How do i figure out which period the function is in?
Im doing the problem 3 tan^{2 }x-1=0
i got tan x= 1sqrt 3 i have to find a solution to x. How do i know tan is on the interval 0, pi and not 0, 2pi?
The period of a periodic function $\displaystyle f(x)$ is the smallest positive real number $\displaystyle \alpha$ such that $\displaystyle f(x+\alpha)=f(x)$ for all $\displaystyle x$ in the domain of the function. In case of $\displaystyle \tan,$ $\displaystyle \tan(x+\pi)=\tan x$ for all real $\displaystyle x$ and no positive real number $\displaystyle \alpha$ smaller than $\displaystyle \pi$ satisfies $\displaystyle \tan(x+\alpha)=\tan x$ for all $\displaystyle x.$ (It's true that $\displaystyle \tan(x+2\pi)=\tan x$ for all $\displaystyle x$ but $\displaystyle 2\pi$ is not the smallest such positive real number.)

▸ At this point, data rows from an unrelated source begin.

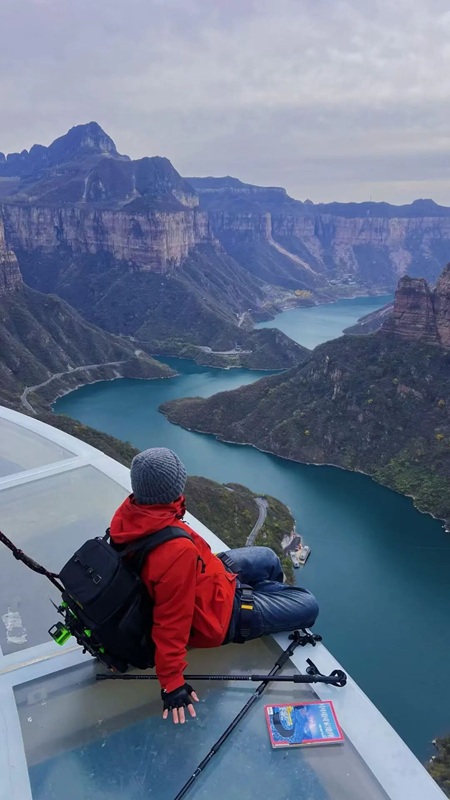 6、飞拉达分一期和二期,一期为云崖漫步,在丹崖天路上,攀爬多,适合户外运动爱好者,中途有双心平台,走钢丝,全程可以看到绝美风光“太行之心”;二期为悬天栈道,在祥云观景台往观光车方向200米,路线攀爬较少,有三段溜索(体验感超强),可双向通行(“超车”自由),有天梯等,适合喜欢体验新鲜事物的朋友。
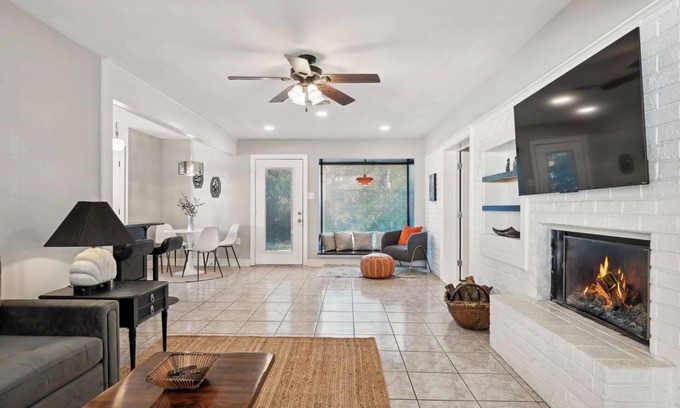 Welcome to "The Cottage" of Whispering Oaks. This peaceful paradise is just a short 45 minute drive to New Orleans with a style all its own. Immerse yourself with your morning coffee in the courtyard, by the indoor fireplace or cozy up by the outdoor firepit. No matter the spot, you'll be surrounded by the sounds of nature in this well appointed 2 bed/ 2 bath oasis that is minutes to Historic Downtown Covington and comes with a dedicated workspace and stocked gameroom complete with TV, bumper pool/card table, darts and oversized connect four.
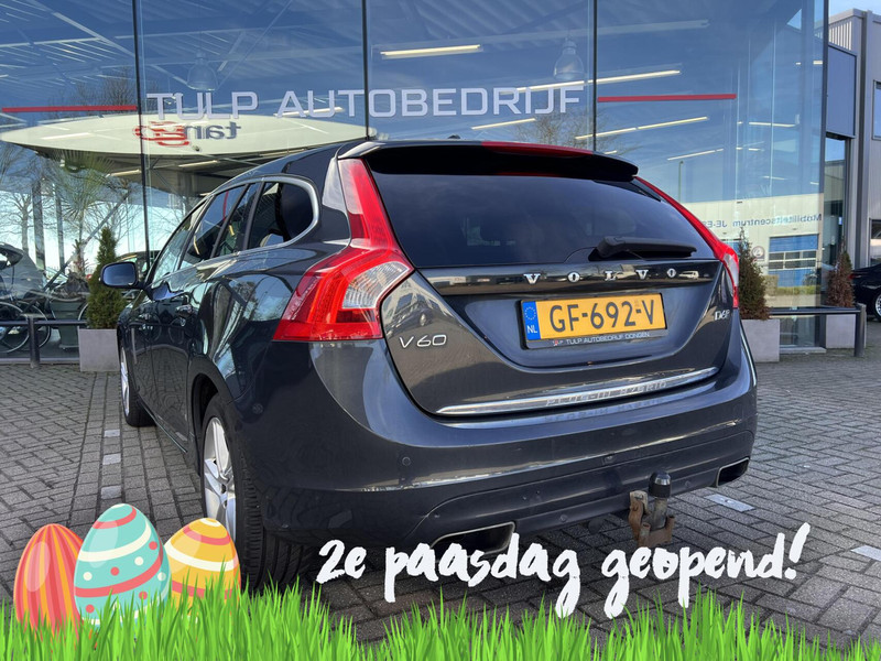 De auto is voorzien van een trekhaak en is een uitstekende caravantrekker. Op een drukke weg heeft u soms ogen in uw achterhoofd nodig. De sensoren aan de achterzijde nemen die functie over en geven een achteropkomend verkeer waarschuwing als een achterligger te dicht op u zit. Het spreekt voor zich dat een auto als deze ook van electronic climate control is voorzien. Muziek aan, muziek uit? Het kan met een simpele vingerbeweging dankzij de audiobediening op het stuur! Een plekje vinden in de binnenstad is één, inparkeren is twee. Voor dat laatste heeft deze Volvo V60 prima parkeersensoren die u een handje helpen. En deze auto heeft ook regensensor, cruise control, automatisch dimmende binnenspiegel, isofix-aansluiting, centrale deurvergrendeling met afstandsbediening en bagage afdekhoes als standaard uitrusting.

$\displaystyle 3\tan^2{x} - 1 = 0$
$\displaystyle \tan{x} = \pm \frac{1}{\sqrt{3}}$
since the solution interval is not given, then all possible solutions are ...
$\displaystyle x = \frac{\pi}{6} + k\pi ; k \in \mathbb{Z}$
$\displaystyle x = -\frac{\pi}{6} + k\pi ; k \in \mathbb{Z}$